The 20-year-old is tenacious in midfield areas, where he is strong in the tackle, combative in the air and always alert to loose balls. This can help his team regain possession soon after losing the ball, enabling them to maintain their attacking set-up without the need to transition into any defensive structure.

His ability in the air can also be an asset in offensive areas, especially during set-pieces. His power, timing and desire to attack the ball are fantastic qualities that have already yielded two Premier League goals this season, against Arsenal (above) and Newcastle. No surprise, then, that he is now one of West Ham’s priority targets in dead-ball moments; there is no reason why he can’t develop into a regular goalscorer for both club and country, in the mould of someone like John Terry.

Technically, there are still areas in which Rice can improve as a defensive midfielder. He is not the smoothest when dealing with bouncing balls, especially when required to change direction or play off his first touch. This is more common in advanced positions, against opponents that sit in a low block and defend the penalty area as an entire outfield unit – the subsequent lack of space can lead to poor control under pressure, as in the example below from the 2-0 win over Newcastle.

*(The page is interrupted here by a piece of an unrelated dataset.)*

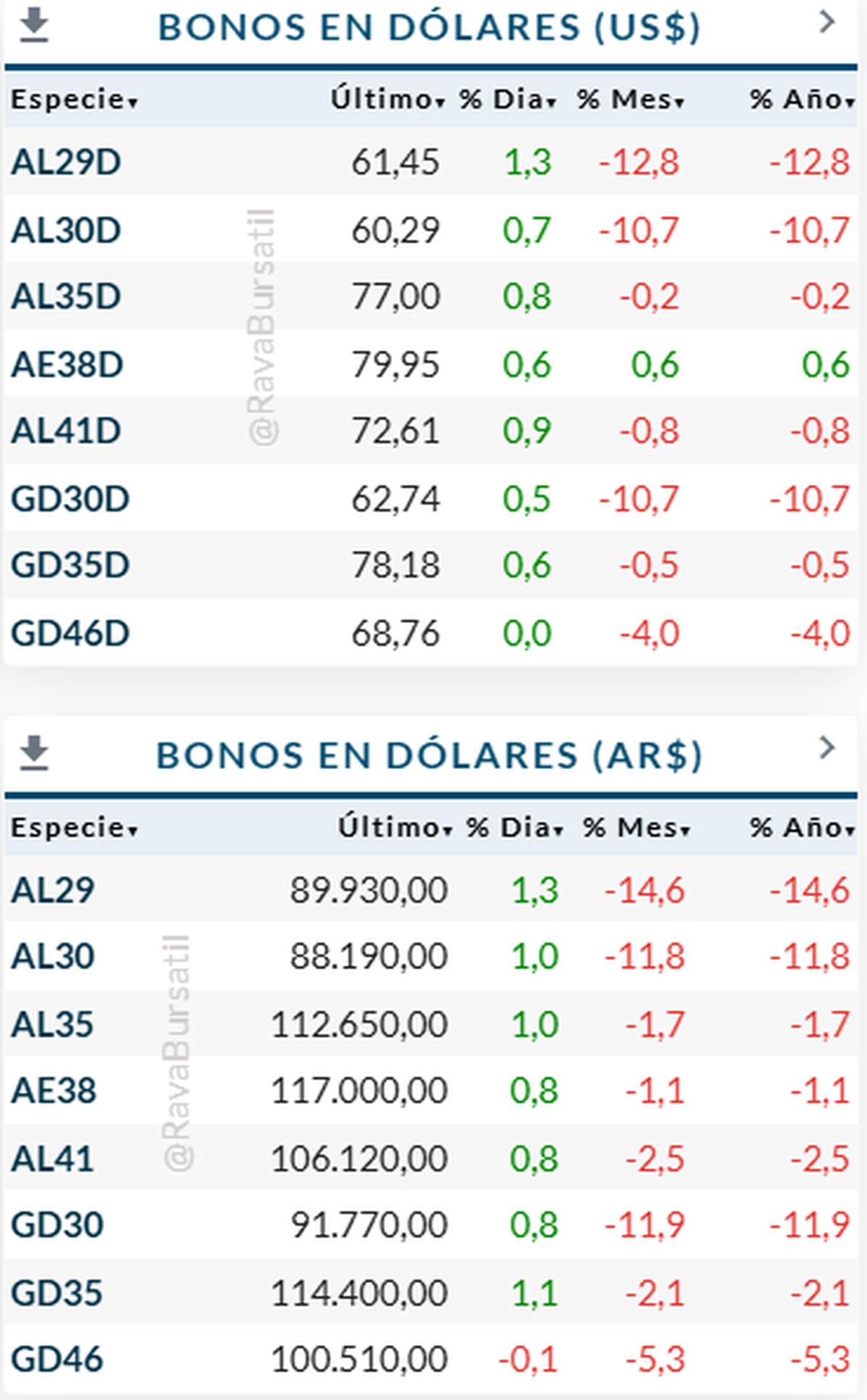 En el detalle de la curva, los bonos globales y bonares operan con mayoría de subas, con avances encabezados por el AL29D, que gana 1,3%, seguido por el AL30D con 0,7%, el AL35D con 0,8% y el AE38D, que suma 0,6%. En tanto, el GD30D avanza 0,5%, mientras que el GD35D mejora 0,6%, confirmando una demanda sostenida en los tramos medios de la curva hard dollar.

In possession, Rice’s passing over various distances is improving. Moving from central defence, where the game is largely in front of you, into midfield, where support is all around you, is a huge change for a young player. His awareness will certainly need refining, but at 20 he has time on his side.

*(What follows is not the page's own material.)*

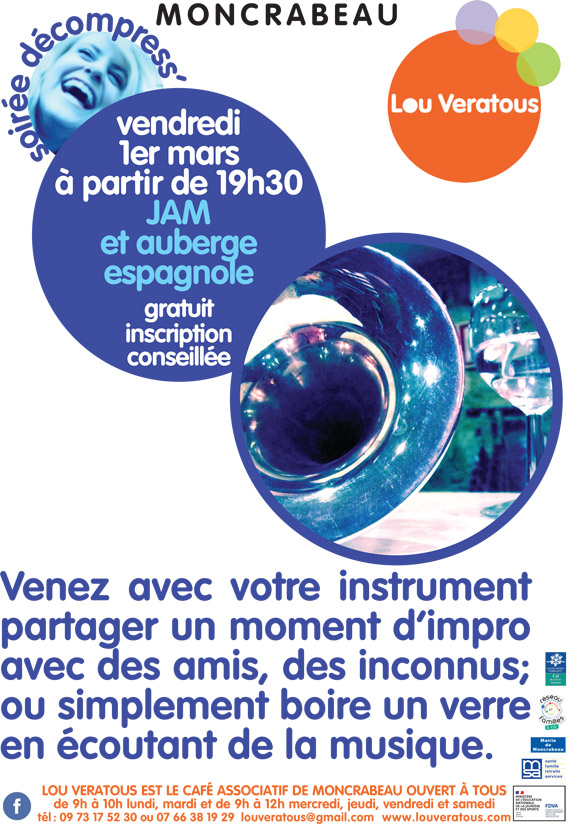 Vendredi 1er mars, à partir de 19h30 nous vous proposons de participer à une soirée JAM (scène ouverte).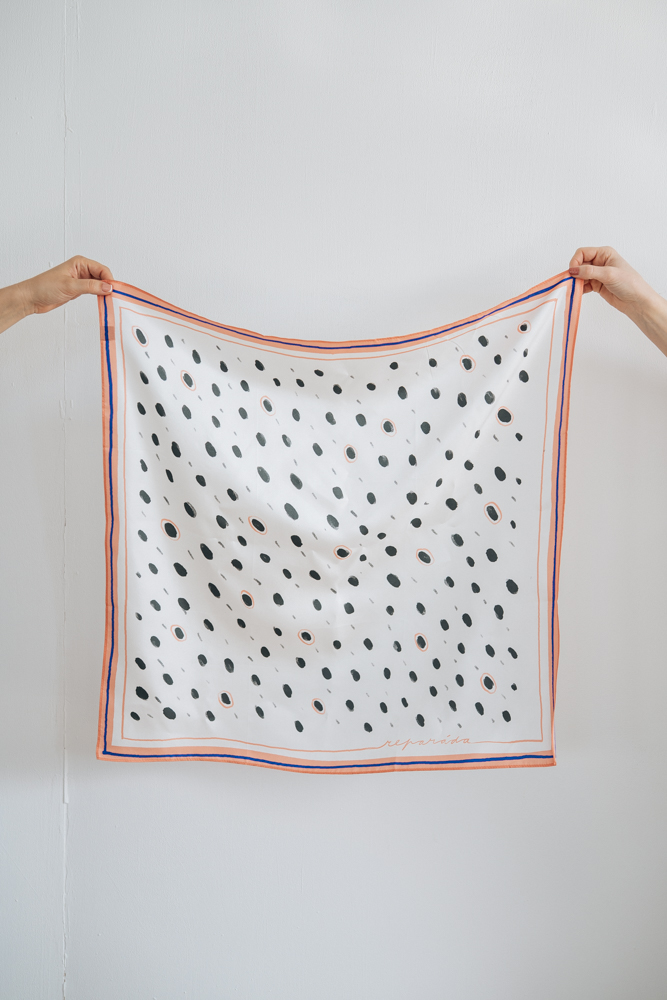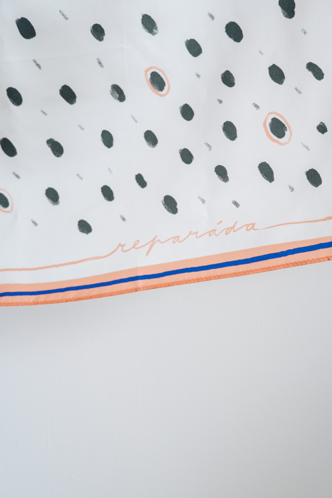 Hedvábný šátek šijeme z přírodního hedvábí, které je jemné na dotek a příjemné na nošení. Díky úpravě twill má lehce strukturovaný povrch, proto dobře drží tvar a snadno se váže. Autorský motiv je tištěný přímo na hedvábí.

From the left side of a double pivot – in a 4-2-3-1 formation, for example – Rice’s diagonal passes are accurate and well-judged. Where many would simply play the ball into an area and hope his receiver can deal with it under pressure, Rice adapts to the positioning of the receiver. Any space in behind lends itself to a more direct, vertical pass, whereas clear space around the receiver requires a pinpoint pass to feet. Rice has both of these in his armoury, particularly when playing into forward runs from a right-back such as his West Ham teammate Pablo Zabaleta (below), or potential England teammates Trent Alexander-Arnold, Kyle Walker or Kieran Trippier.

He is perhaps not as effective when playing right to left – from the right side of a double pivot, for example – but, again, this will surely come over time as he further adapts to his new role.

Role with England
Since England’s World Cup semi-final defeat to Croatia, head coach Gareth Southgate has switched from the 3-1-4-2 system that saw him through Russia to a 4-3-3 formation. It is likely that Rice’s involvement would be in the number 4 position – namely, the deepest of the three central midfielders.

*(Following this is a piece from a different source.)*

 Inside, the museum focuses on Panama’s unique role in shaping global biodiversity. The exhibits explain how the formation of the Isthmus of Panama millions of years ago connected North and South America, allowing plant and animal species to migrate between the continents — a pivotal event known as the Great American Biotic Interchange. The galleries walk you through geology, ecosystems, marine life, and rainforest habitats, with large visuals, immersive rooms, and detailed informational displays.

In the long term, this looks the ideal position for Rice – particularly as the England full-backs of the future are likely to be very attack-minded. Trent Alexander-Arnold, Aaron Wan-Bissaka, Ben Chilwell and Luke Shaw – who is still only 23 – are all candidates in these positions, and all are more than happy in the attacking third. Rice’s ability to cover these forward runs – both in the build and during moments of transition – could be central to the role of this pivot position. His experience at centre-back, where John Stones and Joe Gomez (below, right) could form a top-class partnership for a number of years, would evidently be a huge asset in an England defensive set-up that has some potential – note the numbers in the graphic below are the players’ respective ages.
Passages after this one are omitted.